RECORDS FOR THIS TASK:
-------

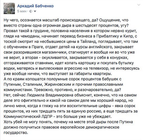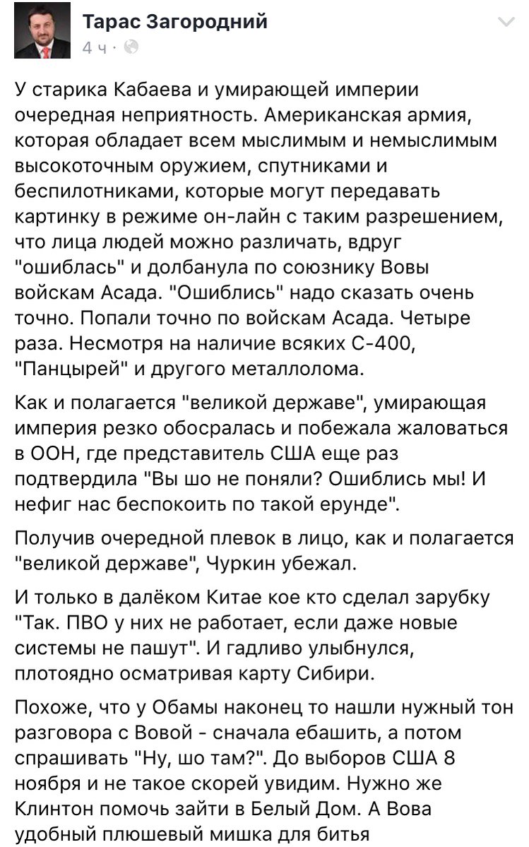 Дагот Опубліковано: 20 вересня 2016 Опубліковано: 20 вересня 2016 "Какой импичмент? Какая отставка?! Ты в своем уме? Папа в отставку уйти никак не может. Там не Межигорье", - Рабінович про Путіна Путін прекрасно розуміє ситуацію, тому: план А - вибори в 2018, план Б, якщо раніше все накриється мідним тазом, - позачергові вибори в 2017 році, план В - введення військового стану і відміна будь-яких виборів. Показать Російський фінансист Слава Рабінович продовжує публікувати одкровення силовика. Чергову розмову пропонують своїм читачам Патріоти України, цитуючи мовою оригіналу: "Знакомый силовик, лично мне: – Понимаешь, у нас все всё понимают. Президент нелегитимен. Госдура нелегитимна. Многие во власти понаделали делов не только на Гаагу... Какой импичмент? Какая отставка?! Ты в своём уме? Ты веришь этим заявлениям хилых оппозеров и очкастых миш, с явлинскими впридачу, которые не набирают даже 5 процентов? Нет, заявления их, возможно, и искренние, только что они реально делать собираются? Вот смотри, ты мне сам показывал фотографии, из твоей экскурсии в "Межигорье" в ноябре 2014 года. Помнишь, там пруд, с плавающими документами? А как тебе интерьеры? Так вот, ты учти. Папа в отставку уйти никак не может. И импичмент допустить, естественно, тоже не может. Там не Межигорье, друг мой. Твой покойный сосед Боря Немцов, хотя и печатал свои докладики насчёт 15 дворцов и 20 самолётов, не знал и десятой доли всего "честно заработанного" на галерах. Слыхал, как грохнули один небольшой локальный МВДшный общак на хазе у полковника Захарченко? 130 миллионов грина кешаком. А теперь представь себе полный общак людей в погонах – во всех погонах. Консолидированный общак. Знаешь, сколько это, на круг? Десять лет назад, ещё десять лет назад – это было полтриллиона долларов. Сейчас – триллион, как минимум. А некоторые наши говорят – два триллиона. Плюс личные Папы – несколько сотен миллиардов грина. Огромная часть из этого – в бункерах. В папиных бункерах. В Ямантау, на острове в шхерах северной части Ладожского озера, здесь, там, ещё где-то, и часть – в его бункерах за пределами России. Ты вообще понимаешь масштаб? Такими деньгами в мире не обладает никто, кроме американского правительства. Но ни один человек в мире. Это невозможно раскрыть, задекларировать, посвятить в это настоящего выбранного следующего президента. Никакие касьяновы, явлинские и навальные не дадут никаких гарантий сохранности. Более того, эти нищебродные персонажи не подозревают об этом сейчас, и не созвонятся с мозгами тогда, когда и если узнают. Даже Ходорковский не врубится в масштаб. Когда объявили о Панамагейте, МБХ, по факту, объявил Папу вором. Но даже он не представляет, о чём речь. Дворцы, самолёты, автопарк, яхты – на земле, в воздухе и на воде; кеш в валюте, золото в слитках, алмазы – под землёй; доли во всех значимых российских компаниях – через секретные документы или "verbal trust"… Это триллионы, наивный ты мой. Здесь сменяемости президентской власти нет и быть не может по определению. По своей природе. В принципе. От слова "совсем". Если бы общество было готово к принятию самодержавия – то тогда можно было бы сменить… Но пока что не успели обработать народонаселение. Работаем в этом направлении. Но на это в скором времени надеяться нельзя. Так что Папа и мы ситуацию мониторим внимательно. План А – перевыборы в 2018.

-------

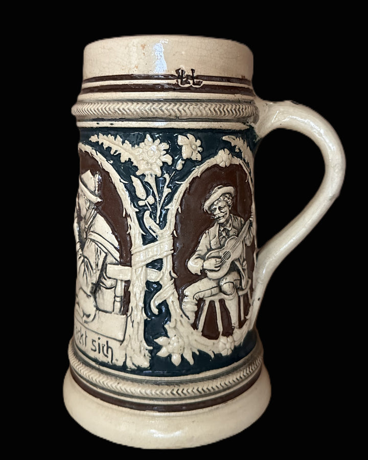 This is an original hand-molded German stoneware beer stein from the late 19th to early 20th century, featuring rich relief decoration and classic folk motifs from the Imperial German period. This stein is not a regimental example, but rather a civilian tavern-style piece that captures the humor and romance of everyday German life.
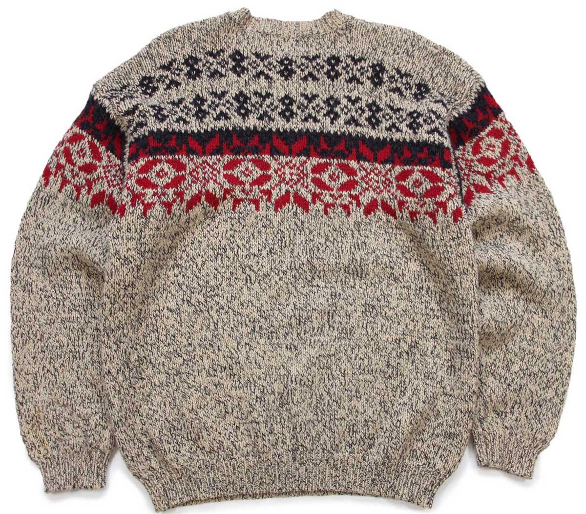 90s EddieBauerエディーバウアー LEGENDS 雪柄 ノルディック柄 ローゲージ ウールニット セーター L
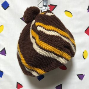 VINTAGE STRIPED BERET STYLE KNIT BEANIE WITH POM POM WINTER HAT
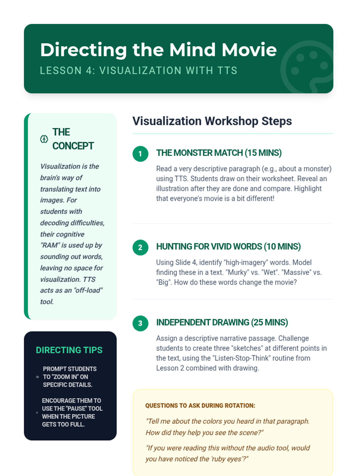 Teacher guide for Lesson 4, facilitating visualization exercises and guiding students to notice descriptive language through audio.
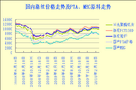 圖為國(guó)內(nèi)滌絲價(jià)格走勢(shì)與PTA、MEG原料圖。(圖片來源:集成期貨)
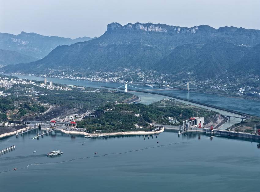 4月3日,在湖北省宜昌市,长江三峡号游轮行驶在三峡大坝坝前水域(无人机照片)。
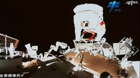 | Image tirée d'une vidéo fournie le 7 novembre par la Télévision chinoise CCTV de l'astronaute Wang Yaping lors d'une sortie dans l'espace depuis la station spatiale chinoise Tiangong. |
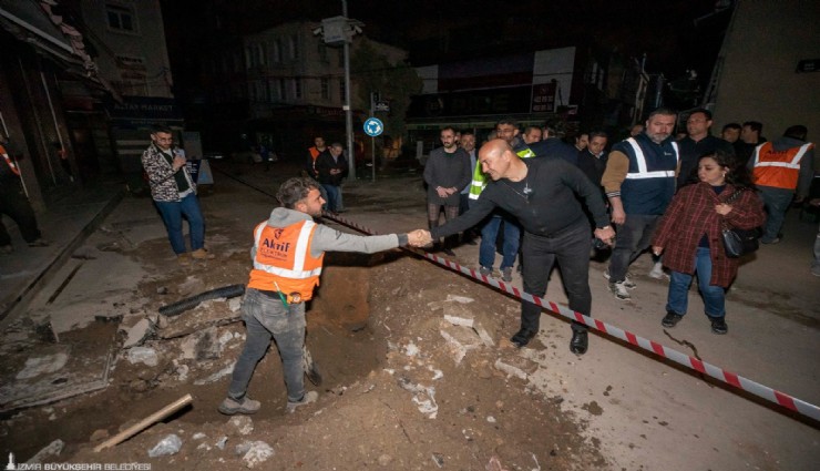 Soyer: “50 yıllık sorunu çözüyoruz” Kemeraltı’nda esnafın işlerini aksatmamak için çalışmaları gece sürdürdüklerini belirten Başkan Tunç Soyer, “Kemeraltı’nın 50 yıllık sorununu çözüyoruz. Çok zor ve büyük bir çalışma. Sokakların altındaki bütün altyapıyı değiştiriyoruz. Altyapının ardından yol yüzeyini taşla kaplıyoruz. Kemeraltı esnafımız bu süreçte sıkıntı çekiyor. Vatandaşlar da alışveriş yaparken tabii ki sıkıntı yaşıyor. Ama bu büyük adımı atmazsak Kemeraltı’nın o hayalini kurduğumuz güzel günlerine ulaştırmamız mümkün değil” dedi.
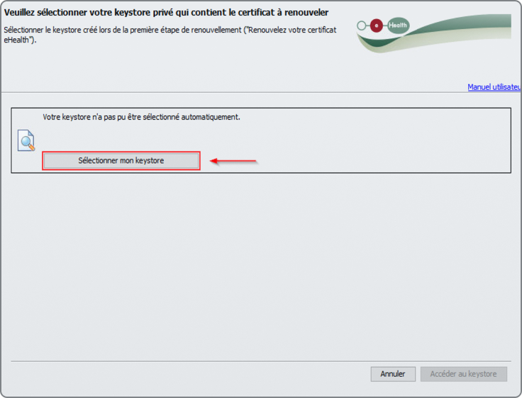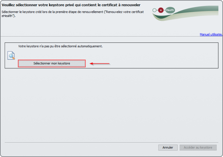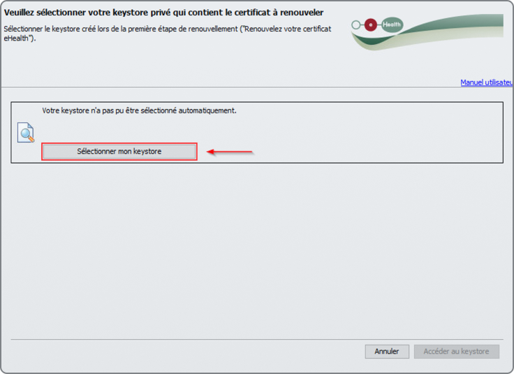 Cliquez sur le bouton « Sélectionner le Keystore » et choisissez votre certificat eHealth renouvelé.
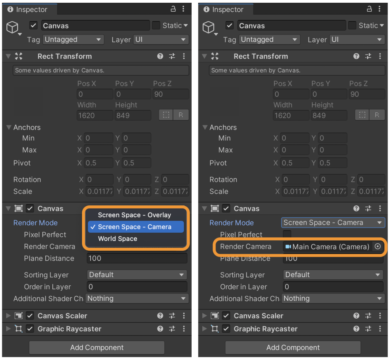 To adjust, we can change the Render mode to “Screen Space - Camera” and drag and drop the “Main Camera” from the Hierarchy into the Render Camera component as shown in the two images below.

-------

TASK TO COMPLETE: Looking above, find the stretch of lines that opens with the one holding "VINTAGE STRIPED BERET" and closes with the one holding "chinoise Tiangong. |". Copy it exactly, pictures excluded.

SOLUTION:
 VINTAGE STRIPED BERET STYLE KNIT BEANIE WITH POM POM WINTER HAT
 Teacher guide for Lesson 4, facilitating visualization exercises and guiding students to notice descriptive language through audio.
 圖為國(guó)內(nèi)滌絲價(jià)格走勢(shì)與PTA、MEG原料圖。(圖片來源:集成期貨)
 4月3日,在湖北省宜昌市,长江三峡号游轮行驶在三峡大坝坝前水域(无人机照片)。
 | Image tirée d'une vidéo fournie le 7 novembre par la Télévision chinoise CCTV de l'astronaute Wang Yaping lors d'une sortie dans l'espace depuis la station spatiale chinoise Tiangong. |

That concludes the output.